Given information:
□ □ □

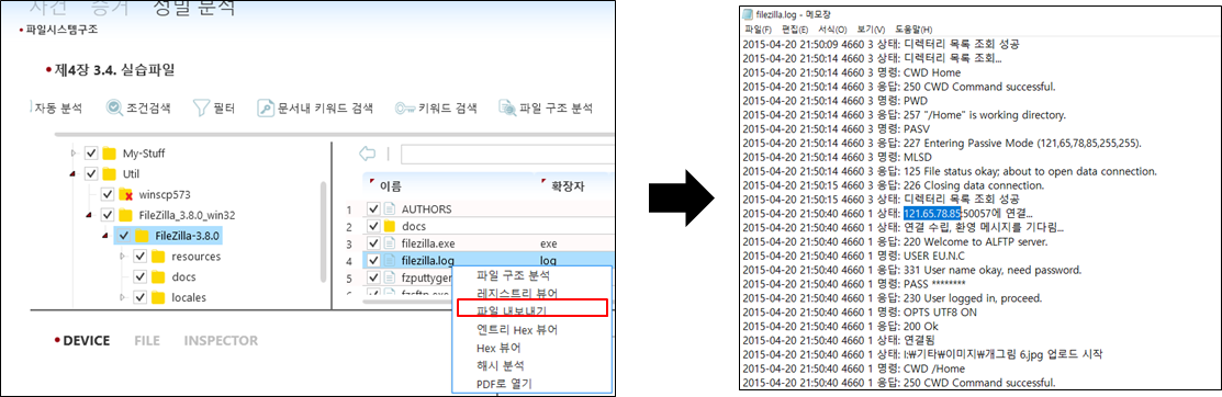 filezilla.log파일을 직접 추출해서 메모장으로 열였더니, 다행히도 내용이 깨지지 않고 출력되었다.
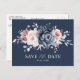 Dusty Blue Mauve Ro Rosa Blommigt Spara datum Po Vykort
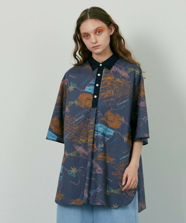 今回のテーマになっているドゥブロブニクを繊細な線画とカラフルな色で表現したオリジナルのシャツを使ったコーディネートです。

□ □ □

The problem: Repeat the listing above word for word. Do not include the pictures.

Answer for this exercise:
 filezilla.log파일을 직접 추출해서 메모장으로 열였더니, 다행히도 내용이 깨지지 않고 출력되었다.
 Dusty Blue Mauve Ro Rosa Blommigt Spara datum Po Vykort
 今回のテーマになっているドゥブロブニクを繊細な線画とカラフルな色で表現したオリジナルのシャツを使ったコーディネートです。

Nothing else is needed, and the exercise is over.